I looked at her. She was large in a loose housedress, had a husky cigarette voice, wrinkling biceps, and—despite the wreckage of hard-lived years—the commanding demeanor of a Nightengale-Bamford School headmistress.

When you don't give a damn, you don't get distracted worrying what'll happen next. I said, “The state police gang file says he drinks here.”

“It's out of date. Half the people in that file are in jail, dead, or switched sides. Little John joined the Knights.”

“Who are the Knights?”

“Drugdealing, murdering, backstabbing terrorist thugs.”

“I've heard the same said about the Popes.”
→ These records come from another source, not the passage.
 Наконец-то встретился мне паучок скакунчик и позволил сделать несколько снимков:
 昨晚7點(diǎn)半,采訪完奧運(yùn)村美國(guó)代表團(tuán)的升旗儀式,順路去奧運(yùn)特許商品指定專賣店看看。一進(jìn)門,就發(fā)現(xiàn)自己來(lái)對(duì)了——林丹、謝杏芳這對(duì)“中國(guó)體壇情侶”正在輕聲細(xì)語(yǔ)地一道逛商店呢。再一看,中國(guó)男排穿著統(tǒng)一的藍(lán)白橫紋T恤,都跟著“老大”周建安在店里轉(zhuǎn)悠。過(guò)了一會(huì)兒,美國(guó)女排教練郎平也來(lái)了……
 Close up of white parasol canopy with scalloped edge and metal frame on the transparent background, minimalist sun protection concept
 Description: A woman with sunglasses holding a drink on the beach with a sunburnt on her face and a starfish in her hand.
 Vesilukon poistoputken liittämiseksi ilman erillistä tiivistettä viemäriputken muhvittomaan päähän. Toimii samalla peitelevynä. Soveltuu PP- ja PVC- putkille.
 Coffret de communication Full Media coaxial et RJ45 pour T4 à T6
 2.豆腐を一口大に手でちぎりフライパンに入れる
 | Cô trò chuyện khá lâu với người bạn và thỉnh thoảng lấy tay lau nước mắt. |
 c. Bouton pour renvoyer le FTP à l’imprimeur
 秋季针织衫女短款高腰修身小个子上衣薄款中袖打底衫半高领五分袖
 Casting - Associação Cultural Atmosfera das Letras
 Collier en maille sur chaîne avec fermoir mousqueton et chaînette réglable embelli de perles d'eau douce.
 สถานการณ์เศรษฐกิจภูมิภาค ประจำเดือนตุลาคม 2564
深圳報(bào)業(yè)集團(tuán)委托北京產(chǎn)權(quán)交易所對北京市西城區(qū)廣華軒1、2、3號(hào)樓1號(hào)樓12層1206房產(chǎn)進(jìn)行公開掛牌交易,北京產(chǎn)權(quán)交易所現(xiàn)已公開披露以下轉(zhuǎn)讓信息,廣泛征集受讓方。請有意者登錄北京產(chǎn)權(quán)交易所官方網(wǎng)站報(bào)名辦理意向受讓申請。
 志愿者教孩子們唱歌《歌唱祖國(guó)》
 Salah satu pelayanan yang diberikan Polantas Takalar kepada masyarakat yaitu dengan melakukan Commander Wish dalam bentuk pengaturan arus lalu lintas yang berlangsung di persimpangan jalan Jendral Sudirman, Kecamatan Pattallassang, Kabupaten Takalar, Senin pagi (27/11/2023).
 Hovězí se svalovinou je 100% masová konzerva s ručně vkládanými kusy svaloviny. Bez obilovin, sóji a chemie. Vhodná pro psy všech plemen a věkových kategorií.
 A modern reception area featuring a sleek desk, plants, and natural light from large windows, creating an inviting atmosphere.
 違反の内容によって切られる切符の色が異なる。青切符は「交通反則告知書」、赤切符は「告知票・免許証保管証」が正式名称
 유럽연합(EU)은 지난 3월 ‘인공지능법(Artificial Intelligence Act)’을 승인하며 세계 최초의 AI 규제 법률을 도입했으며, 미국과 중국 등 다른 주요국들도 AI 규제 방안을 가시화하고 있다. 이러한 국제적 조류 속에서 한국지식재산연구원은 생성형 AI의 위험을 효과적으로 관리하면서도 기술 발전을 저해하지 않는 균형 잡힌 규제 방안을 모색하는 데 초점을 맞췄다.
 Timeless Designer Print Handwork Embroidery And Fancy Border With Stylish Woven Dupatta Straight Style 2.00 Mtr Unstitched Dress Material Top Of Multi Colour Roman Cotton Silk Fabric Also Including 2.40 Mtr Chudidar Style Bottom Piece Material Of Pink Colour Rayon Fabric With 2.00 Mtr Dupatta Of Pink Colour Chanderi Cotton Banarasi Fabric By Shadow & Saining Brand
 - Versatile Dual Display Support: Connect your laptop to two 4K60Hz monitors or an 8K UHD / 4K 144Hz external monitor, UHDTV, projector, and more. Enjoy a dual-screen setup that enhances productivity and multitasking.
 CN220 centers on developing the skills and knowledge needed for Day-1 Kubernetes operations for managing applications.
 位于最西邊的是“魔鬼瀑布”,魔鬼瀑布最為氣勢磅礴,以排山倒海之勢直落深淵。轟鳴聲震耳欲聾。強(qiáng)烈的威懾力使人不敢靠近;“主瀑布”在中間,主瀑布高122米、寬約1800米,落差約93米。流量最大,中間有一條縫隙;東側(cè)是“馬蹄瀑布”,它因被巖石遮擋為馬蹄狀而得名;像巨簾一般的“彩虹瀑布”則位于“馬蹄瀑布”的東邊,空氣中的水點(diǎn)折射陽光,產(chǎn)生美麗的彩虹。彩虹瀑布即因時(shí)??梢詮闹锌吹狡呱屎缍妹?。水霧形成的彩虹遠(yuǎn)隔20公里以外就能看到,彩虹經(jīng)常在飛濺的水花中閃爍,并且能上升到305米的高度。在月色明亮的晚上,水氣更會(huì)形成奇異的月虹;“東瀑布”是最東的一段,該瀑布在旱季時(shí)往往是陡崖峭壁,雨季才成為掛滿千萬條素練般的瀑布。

Three gangsters rushed to defend their honor. I swung off the stool, intending to take out the left and the right before dealing with the big one in the middle, but the woman waved them off. They slunk back to their beers, muttering threats.

She said, “If you want to get killed, why not try skydiving?”

“Who are you?” I didn't want to talk to a woman, and I certainly didn't want to fight one.

“I'm president of the Latin Popes.”

“You're joking.”

“Who are you?”

“Ben Abbott from Newbury, Madame President. It's up north. Martello knows the way.”

“How'd he find it?”

“That's what I want to know.”

“How'd you find
your
way to Waterbury?”

“Used to come down to watch the Cincinnati Reds farm team.”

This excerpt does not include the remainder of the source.